Fig. 3: Effectiveness of the adaptive mutual distillation techniques in FedKD.
figure 3

The mean results with 95% confidence intervals are presented (n = 5 independent experiments). We compare the results by removing the adaptive hidden loss, adaptive mutual distillation loss or the adaptive loss weighting method from FedKD. Adaptive hidden loss: the distillation loss function that aims to transfer knowledge encoded by the hidden states and intermediate results of models, where the loss intensity is weighted by the prediction loss of mentee and mentor models. Adaptive MD loss: the distillation loss function that aims to distill knowledge from the output soft labels of models, and its intensity is also controlled by the prediction loss. Adaptive loss weighting: the mechanism that weights the two distillation losses based on the summation of cross-entropy losses of the mentor and mentee models. We find the performance drops when either of them is removed, which verifies their contributions to federated model learning and distillation.

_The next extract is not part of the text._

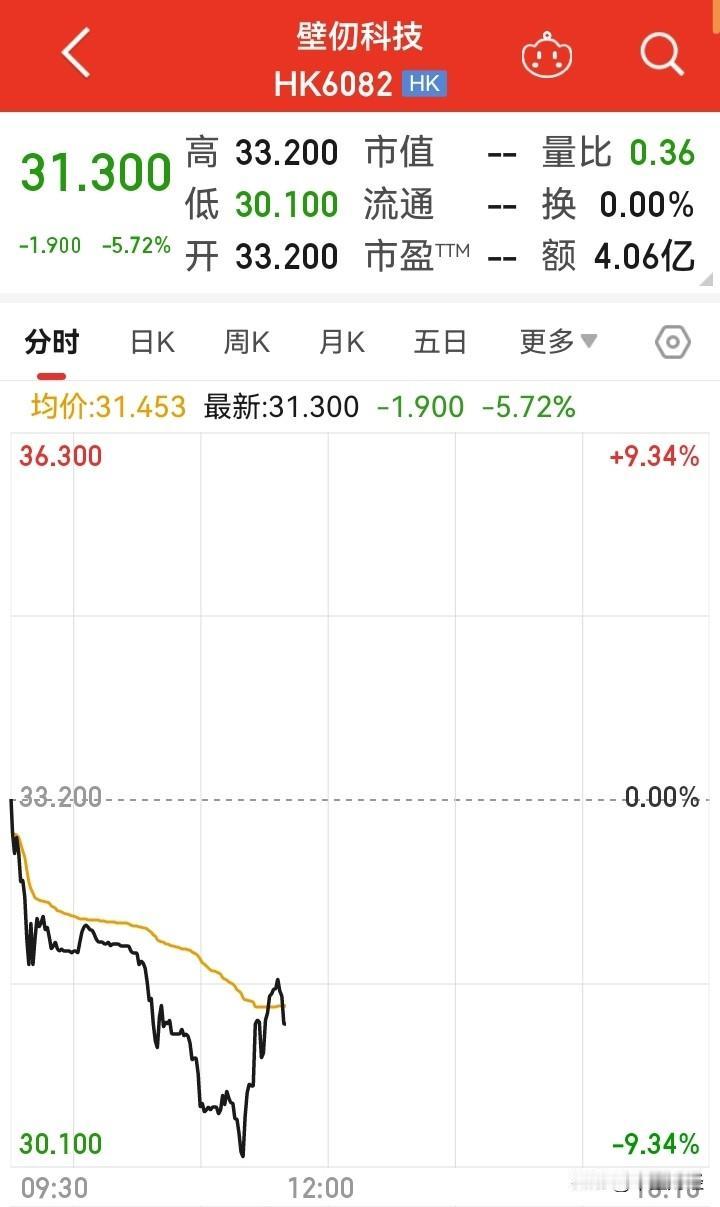 【亏损类高估值股票的风险!】恒生指数上涨也无法改变,壁仞科技连续下摇的尴尬局面! 这说明了什么?说明了成熟市场对于亏损类题材股的一个市场定位。指数上涨,但这些科技题材高估值发行的股票,却连续下跌! 对于A股市场的警示,那就是同类股票过高的估值风险将进入中长期的下跌之路!

Analysis of dynamic gradient approximation

We then present some analysis of our proposed SVD-based gradient compression method with dynamic precision, which uses different singular value energy cutoff threshold T at different model training stages. We show the cumulative energy distributions of singular values of different parameter gradient matrices in the UniLM model (Fig. 4a, b). We find all kinds of parameter matrices in the model are low-rank, especially the parameters in the feed-forward network. This is because large deep learning models have the over-parameterization problem43, and thereby the model parameters are low-rank. Thus, the communication cost can be greatly reduced by compressing the low-rank gradient matrices. In addition, we find a new phenomenon that the singular value energy is more concentrated at the beginning than the end of training. This may be because when the model is not well tuned, the gradients may have more low frequency components that aim to push the model to converge more quickly. However, when the model gets to converge, the updates of model parameters are usually subtle, which yields more high-frequency components. We also show the evolution of the number of required singular values under T = 0.95 (Fig. 4c). Note that the model is trained in a centralized way to get a nearly continuous curve because FedKD only has a small number of updates. We can see that more singular values need to be retained to achieve the same energy threshold. Thus, we choose to set a higher energy threshold after more iterations to learn accurate models for FedKD (discussions on the selection of energy threshold are shown in Supplementary Fig. 2).

Fig. 4: Analysis of gradient energy distribution.
figure 4

a Cumulative energy distributions of singular values of different types of parameter gradient matrices at the beginning of model training. b Cumulative energy distributions of singular values at the end of model training. c Evolution of the number of required singular values during model training under a singular value energy cutoff threshold T = 0.95. WQ: query parameters, WK: key parameters, WV: value parameters, W: feed-forward network parameters. The results show that the gradients are usually low-rank, and they have more high-frequency components after more rounds of model training. Thus, a relatively higher energy threshold needs to be used to keep higher gradient precision at the end of model training for better model accuracy.

Discussion

In this work, we present a communication-efficient federated learning method named FedKD, which can effectively reduce the communication cost of federated learning without much performance sacrifice. The core idea of FedKD is exchanging the local updates of a small model rather than the original big models to reduce the communication cost. Since simply reducing the model size will lead to a notable performance decrease, we incorporate an adaptive mutual distillation method to encourage the small model (mentee) and the local big models (mentors) to reciprocally learn from each other. The local mentor models can adapt to the unique characteristics of data on their clients to achieve personalization, and the mentee model is collaboratively learned on decentralized data to convey the knowledge distilled from multiple clients. To distill high-quality knowledge among mentors and the mentee, we further introduce an adaptive loss weighting mechanism based on their prediction correctness. Our adaptive mutual distillation approach is a general method that is not peculiar to the federated learning scenario. It can provide a new direction to compress large deep learning models and meanwhile keep high accuracy, which can serve as a fundamental technique to empower efficient deep learning. It also enables learning personalized models on non-IID data, which can alleviate the common challenge of data heterogeneity in real-world scenarios. In addition, since it is consistent with human’s learning patterns, it may provide a new perspective to facilitate the understanding of knowledge transfer phenomena in artificial intelligence systems.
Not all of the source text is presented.